Pattaya bar owners say only loyal regulars keep them afloat as neighboring shops slowly fold
Pattaya businesses buckle under pressure as tourism slumps, say 2028 recovery timeline feels out of reach amid soaring costs and fewer visitors. (Photo by Jetsada Homklin)
PATTAYA, Thailand – As Thailand’s tourism slump drags on, few places feel the impact more acutely than Pattaya’s famed nightlife and bar scene.
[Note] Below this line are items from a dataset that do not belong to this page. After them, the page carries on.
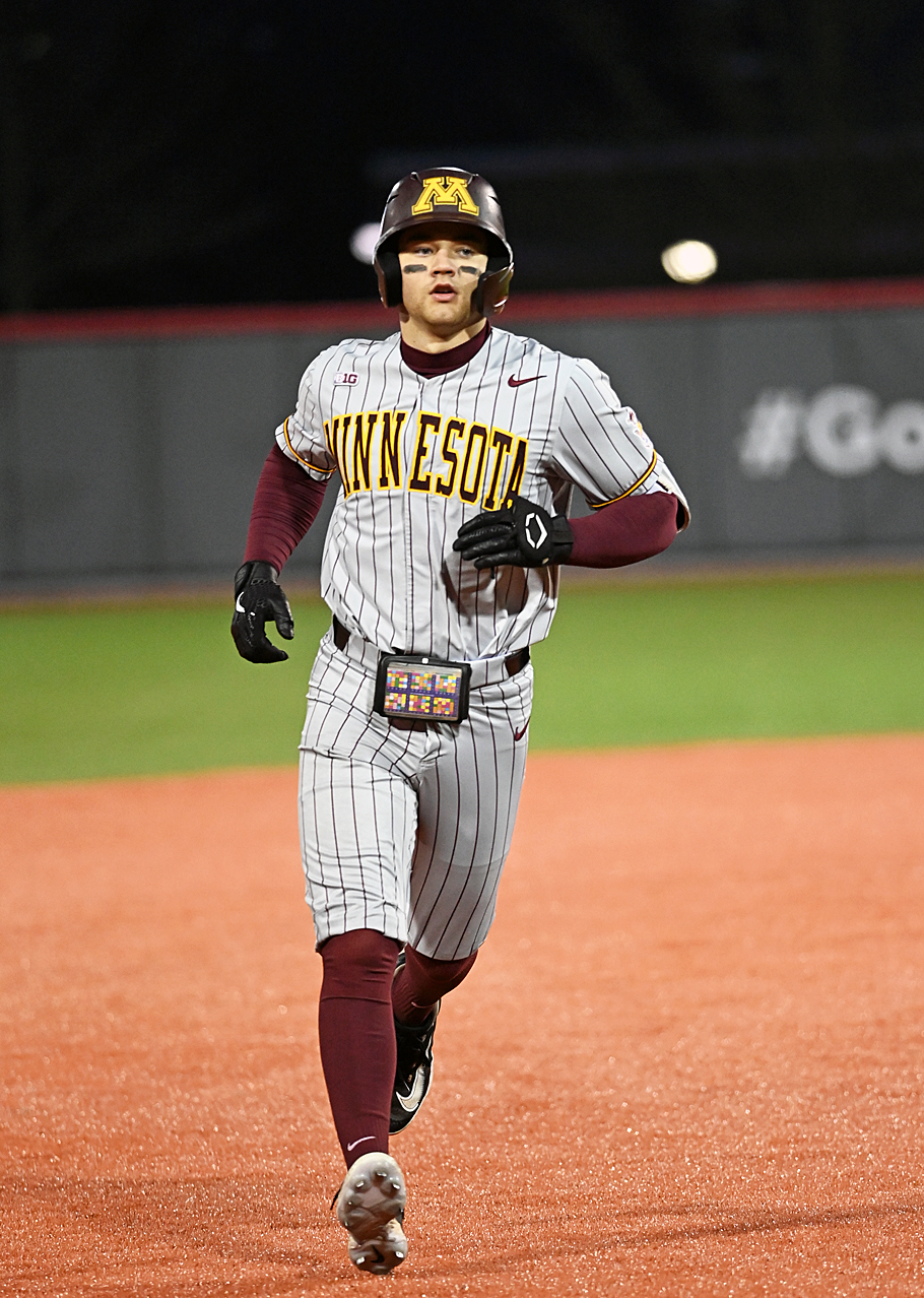 Game of firsts...Freshman Henry Kaczmar connected for his first collegiate home run (above) in the eighth, starting pitcher Gavin Bruni collected his first collegiate win, and the Buckeyes nailed down their first conference in in 2023 with Saturday's 6-2 win over the Minnesota Golden Gophers. Read more about the game.
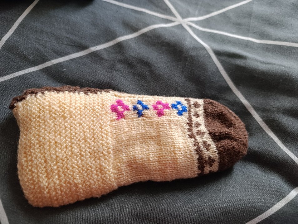 Nakışlı renkli çiçek detayları ve kahverengi uç kısmı olan açık patik
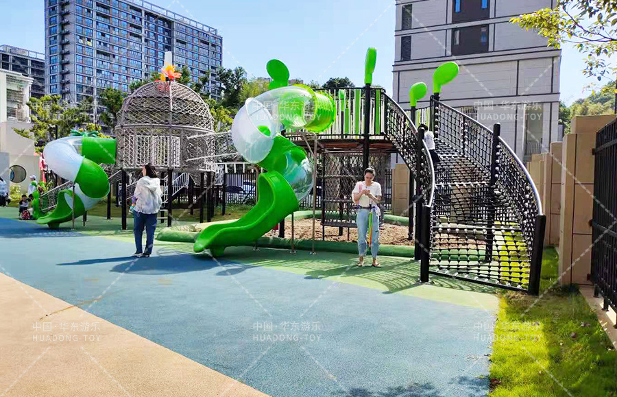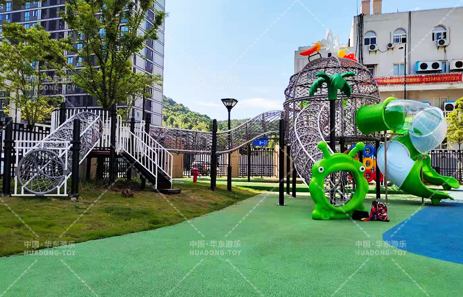 舟山市畚斗岙幼儿园此次选用的是又乐发lv游乐自主研发和设计的网绳系列户外滑梯组合,具备了爬网、钻洞、滑梯、滑桶、吊环、攀爬梯、沙池等游乐设备,能够让小朋友在玩耍中得到很好的锻炼和学习。
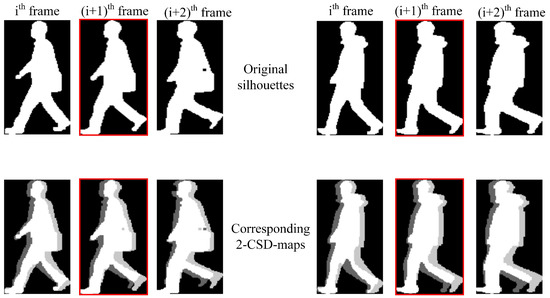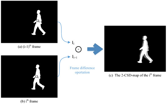 The main idea of 2-CSD-maps is graphically presented in Figure 3. The 2-CSD-map of the frame is generated from two consecutive silhouette frames. Let present the 2-CSD-map of the frame, and present the binary silhouette images of the and frame. For any pixel in , it’s pixel value can be formulated as following:
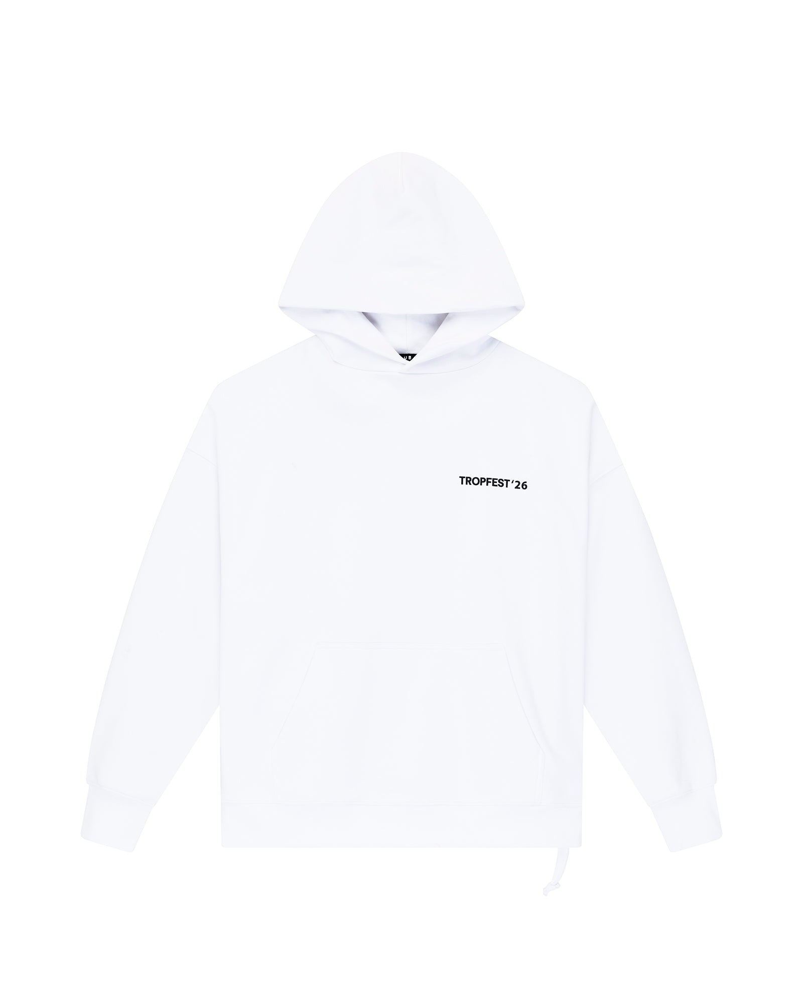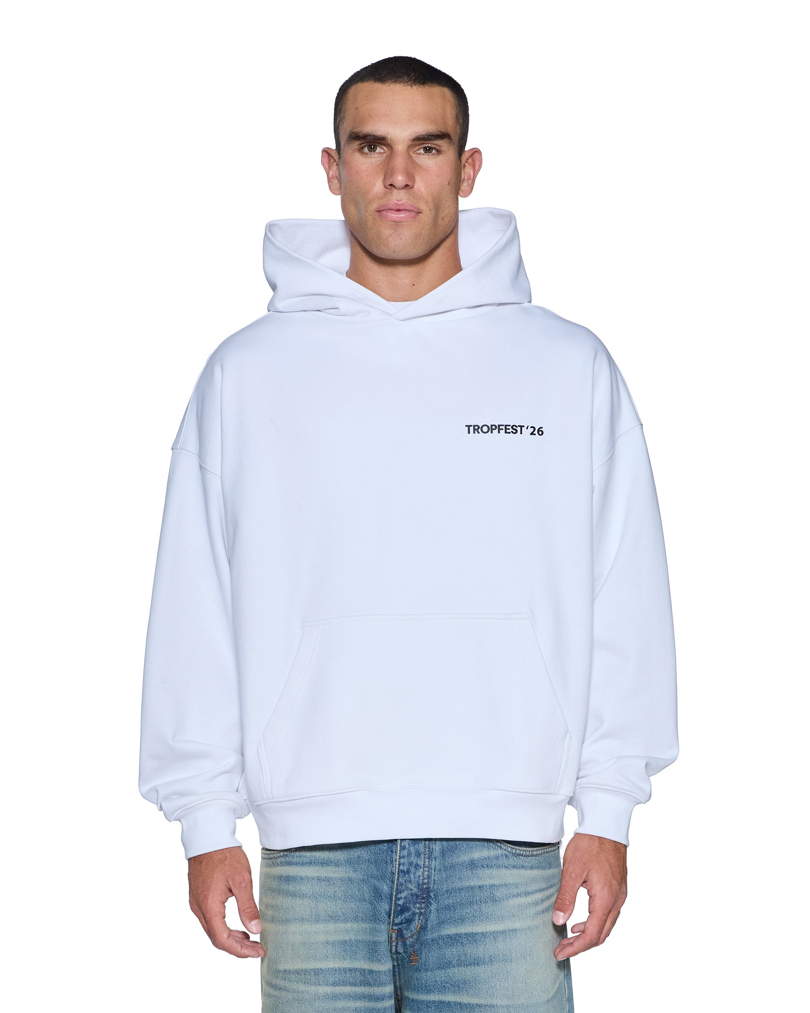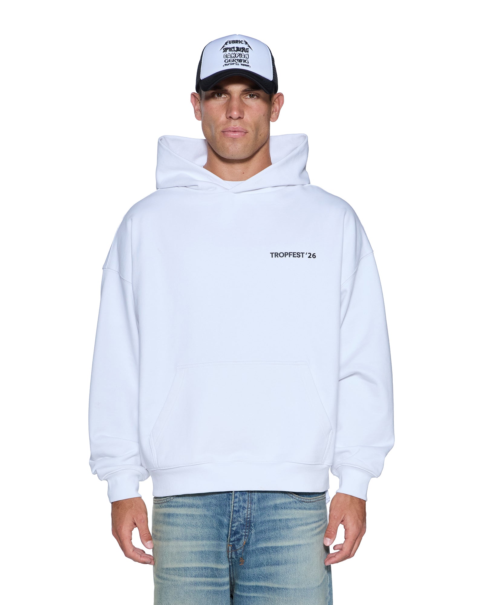 The Director Ekcess Hoodie Tru White is a boxy oversized fit hoodie with a single-piece hood, front pouch pocket, and signature rats tail detail. Made from a premium loopback fleece in overdyed black featuring Tropfest x Ksubi artwork on the front and back and is finished with t-box and 4x4 embroidery branding.

Once a magnet for foreign tourists, the city is now grappling with thinning crowds, shuttered shops, and rising despair among small business owners.
“We’re barely making enough to cover rent,” said Nok, a longtime manager of a popular beer bar on Soi Buakhao. “If it wasn’t for a few regulars and long-term guests, we’d have closed already.”
The numbers reflect the reality: entertainment venues nationwide recorded the highest closure rate in Q2 2025 at 13%, but in Pattaya, insiders estimate it could be even higher — especially among unregistered venues and informal operators.
Bar staff reductions, dimmer lights, and quieter nights have become common. “This used to be the low season. Now it just feels like no season,” one venue owner said. “Even during the pandemic, we had some government support. Now we’re invisible.”
Others pointed to rising operating costs, from electricity bills to security fees and the high cost of imported alcohol. “And with the baht so strong, Europeans are spending less. They come for one beer, not ten,” added Jib, who runs a bar catering to German retirees.
The slump has also changed visitor behavior. Operators say many tourists now travel in groups, spend less per head, and avoid nightly entertainment in favor of cheaper daytime excursions or food delivery at their hotels. “They don’t even walk around anymore,” Nok said.
The Tourism Council of Thailand projects a gradual rebound by 2028, but for small operators, that’s too long to wait.
“If we don’t see a real pickup this high season — I mean real tourists, not just transit passengers or selfie-takers — I’ll have to shut down,” said another bar owner.
Until then, the neon signs stay lit, the music plays on — but the mood on the ground is anything but upbeat.